**YOUR GOAL**
Beginning with the first line, transcribe the entries below exactly through the line containing "Clé pneumatique industrielle", inclusive.

____________

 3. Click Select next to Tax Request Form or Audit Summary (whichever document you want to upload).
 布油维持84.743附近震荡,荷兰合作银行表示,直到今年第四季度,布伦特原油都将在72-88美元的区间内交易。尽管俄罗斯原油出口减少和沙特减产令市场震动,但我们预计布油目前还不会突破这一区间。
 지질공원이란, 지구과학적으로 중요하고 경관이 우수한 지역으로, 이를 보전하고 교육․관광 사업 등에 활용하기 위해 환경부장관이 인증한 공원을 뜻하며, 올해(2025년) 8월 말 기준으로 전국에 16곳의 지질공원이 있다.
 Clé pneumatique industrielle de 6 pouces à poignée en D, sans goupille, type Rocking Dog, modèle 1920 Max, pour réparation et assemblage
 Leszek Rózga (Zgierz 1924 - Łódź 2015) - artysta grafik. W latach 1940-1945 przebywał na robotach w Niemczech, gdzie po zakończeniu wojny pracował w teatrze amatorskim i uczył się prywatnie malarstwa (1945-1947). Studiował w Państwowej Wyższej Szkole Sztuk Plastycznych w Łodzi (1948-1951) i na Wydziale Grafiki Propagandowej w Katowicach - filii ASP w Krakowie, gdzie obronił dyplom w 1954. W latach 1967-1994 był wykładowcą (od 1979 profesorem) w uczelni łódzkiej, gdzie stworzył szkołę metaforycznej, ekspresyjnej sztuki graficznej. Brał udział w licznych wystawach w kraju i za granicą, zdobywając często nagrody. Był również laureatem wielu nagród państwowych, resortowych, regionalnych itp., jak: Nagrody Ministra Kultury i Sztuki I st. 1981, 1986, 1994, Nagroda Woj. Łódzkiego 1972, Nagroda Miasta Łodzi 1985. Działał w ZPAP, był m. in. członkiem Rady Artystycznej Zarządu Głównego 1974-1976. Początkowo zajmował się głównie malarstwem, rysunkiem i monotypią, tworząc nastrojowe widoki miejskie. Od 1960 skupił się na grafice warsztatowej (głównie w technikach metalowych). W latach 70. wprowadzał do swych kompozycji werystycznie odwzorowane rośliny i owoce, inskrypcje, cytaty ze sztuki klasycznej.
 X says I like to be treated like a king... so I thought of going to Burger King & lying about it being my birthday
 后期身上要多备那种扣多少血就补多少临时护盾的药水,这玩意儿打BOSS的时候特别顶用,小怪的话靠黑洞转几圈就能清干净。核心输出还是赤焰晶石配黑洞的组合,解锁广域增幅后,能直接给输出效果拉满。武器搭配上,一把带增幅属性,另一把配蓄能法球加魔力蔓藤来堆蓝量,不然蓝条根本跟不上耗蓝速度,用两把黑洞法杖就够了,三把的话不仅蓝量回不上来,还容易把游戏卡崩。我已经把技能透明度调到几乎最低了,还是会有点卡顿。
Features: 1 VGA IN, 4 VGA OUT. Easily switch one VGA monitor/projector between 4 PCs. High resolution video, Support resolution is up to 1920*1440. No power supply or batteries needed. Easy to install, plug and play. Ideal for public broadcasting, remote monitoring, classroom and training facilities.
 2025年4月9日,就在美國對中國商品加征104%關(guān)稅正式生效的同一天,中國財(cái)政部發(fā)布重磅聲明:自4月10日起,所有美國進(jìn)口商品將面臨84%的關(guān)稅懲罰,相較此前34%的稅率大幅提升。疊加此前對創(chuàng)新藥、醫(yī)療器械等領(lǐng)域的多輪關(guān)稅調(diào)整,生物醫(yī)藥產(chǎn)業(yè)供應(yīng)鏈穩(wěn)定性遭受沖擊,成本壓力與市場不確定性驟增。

____________

**RESULT**
 3. Click Select next to Tax Request Form or Audit Summary (whichever document you want to upload).
 布油维持84.743附近震荡,荷兰合作银行表示,直到今年第四季度,布伦特原油都将在72-88美元的区间内交易。尽管俄罗斯原油出口减少和沙特减产令市场震动,但我们预计布油目前还不会突破这一区间。
 지질공원이란, 지구과학적으로 중요하고 경관이 우수한 지역으로, 이를 보전하고 교육․관광 사업 등에 활용하기 위해 환경부장관이 인증한 공원을 뜻하며, 올해(2025년) 8월 말 기준으로 전국에 16곳의 지질공원이 있다.
 Clé pneumatique industrielle de 6 pouces à poignée en D, sans goupille, type Rocking Dog, modèle 1920 Max, pour réparation et assemblage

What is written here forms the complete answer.